OK, so we’ve got duplicates. How do we make them usable?
Get IDs from results #
We don’t want to SELECT *
, now, we want to SELECT group_concat(favorite_colors.id) AS id_groups
.
SELECT group_concat(fc.id) AS id_groups
FROM favorite_colors fc
WHERE EXISTS
(
SELECT 1
FROM favorite_colors tmp
WHERE tmp.person_id = fc.person_id
LIMIT 1, 1
)
GROUP BY fc.person_id
returns:
id_groups |
---|
1,2 |
3,4,6 |
5,7 |
The GROUP BY table.column_with_duplicates
is important to split the groups by unique value. Without the group by, you’d get one long string of joined IDs, which would be totally useless.

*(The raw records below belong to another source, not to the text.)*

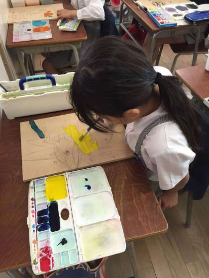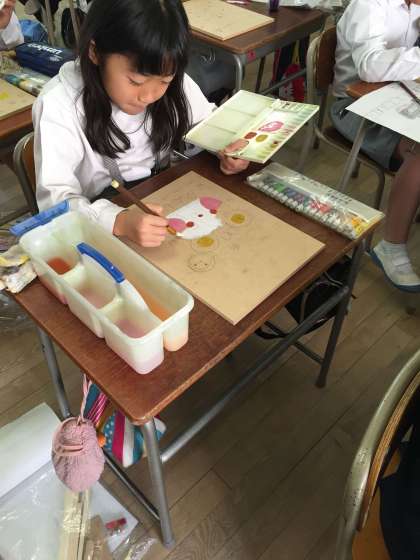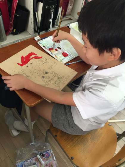 コリントゲームの台の部分の絵を描いています。みんな思い思いの絵を集中して描いています。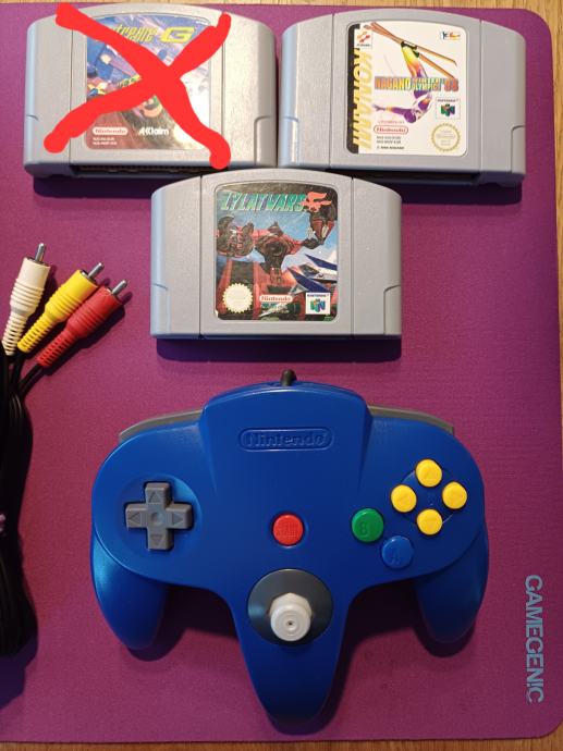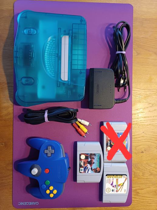 Dolazi sa originalnim plavim kontrolerom (nova gamecube gljivica - bolja od originalne), pripadajucim kablovima i 2 igre: Lylat Wars i Winter Olympics 98.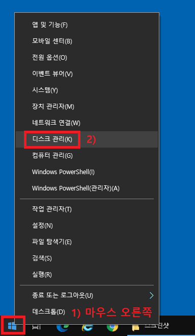 2. 왼쪽 하단 윈도우 아이콘 → 마우스 오른쪽 → 디스크 관리 실행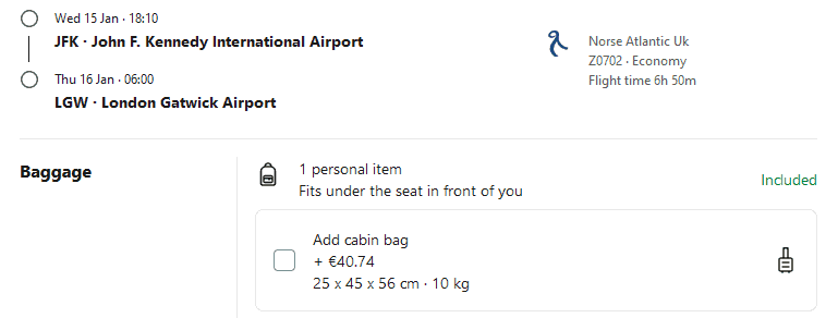 Seit Sommer 2022 bietet der Billigflieger Norse Atlantic Flüge über den Atlantik an. Dabei weist das Geschäftsmodell zahlreiche Parallelen zum früheren Langstreckengeschäft von Norwegian Airlines auf. Das betrifft auch die Tarifstruktur. In den günstigsten Economy-Tickets war kein großes Handgepäck inkludiert, sondern nur ein Personal Item. Und die Größe dessen wurde mittlerweile auch noch von 45 x 36 x 22 auf lächerliche 40 x 30 x 15 cm reduziert, damit auch ja jeder für einen Kabinentrolley zahlen muss.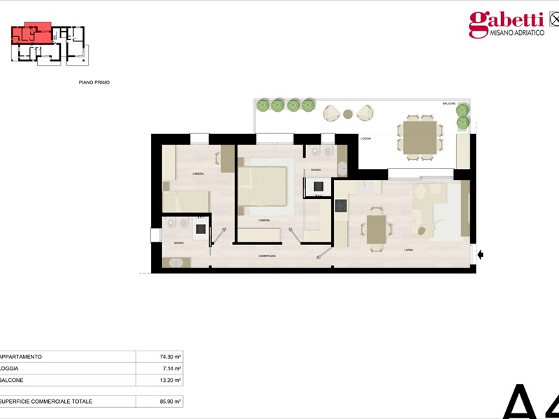 Un appartamento che gioca con la luce e le prospettive, offrendo il comfort di uno spazio raccolto ed elegante. L'appartamento A4, situato al primo piano, è una soluzione dove il design contemporaneo incontra la vivibilità in ogni stagione. La generosa zona giorno si affaccia su un ampio balcone in parte loggiato, un'estensione protetta e soleggiata della casa.

Next, we want to trim off the first ID in each of these groups. So, here’s the full query:
SELECT substring(dups.id_groups, position(','IN dups.id_groups) + 1)
FROM (
SELECT group_concat(fc.id) AS id_groups
FROM favorite_colors fc
WHERE EXISTS
(
SELECT 1
FROM favorite_colors tmp
WHERE tmp.person_id = fc.person_id
LIMIT 1, 1
)
GROUP BY fc.person_id
) AS dups
And this returns:
id_groups |
---|
2 |
4,6 |
7 |
And the results of this SQL statement can now be deleted from the database via ActiveRecord. Here’s our full migration:
class AddUniquenessConstraintToFavoriteColors < ActiveRecord::Migration
disable_ddl_transaction!
def up
results = execute <<-SQL
SELECT substring(dups.id_groups, position(','IN dups.id_groups) + 1)
FROM
(SELECT group_concat(fc.id) AS id_groups
FROM favorite_colors fc
WHERE EXISTS
(
SELECT 1
FROM favorite_colors tmp
WHERE tmp.person_id = fc.person_id
LIMIT 1, 1
)
GROUP BY fc.person_id
) AS dups
SQL
results.each do |id_array|
# I know find_in_batches would normally be a better fit
FavoriteColors.where(id: id_array).delete_all
end
remove_index :favorite_colors, :person_id
add_index :favorite_colors, :person_id, unique: true, algorithm: :inplace
end
def down
remove_index :favorite_colors, :person_id
add_index :favorite_colors, :person_id
end
end
In Conclusion #
You can use this pattern to add a uniqueness constraint to a table that already has duplicate values. This will clean out duplicates, but leave original values, and will prevent additional duplicates from being written to the table.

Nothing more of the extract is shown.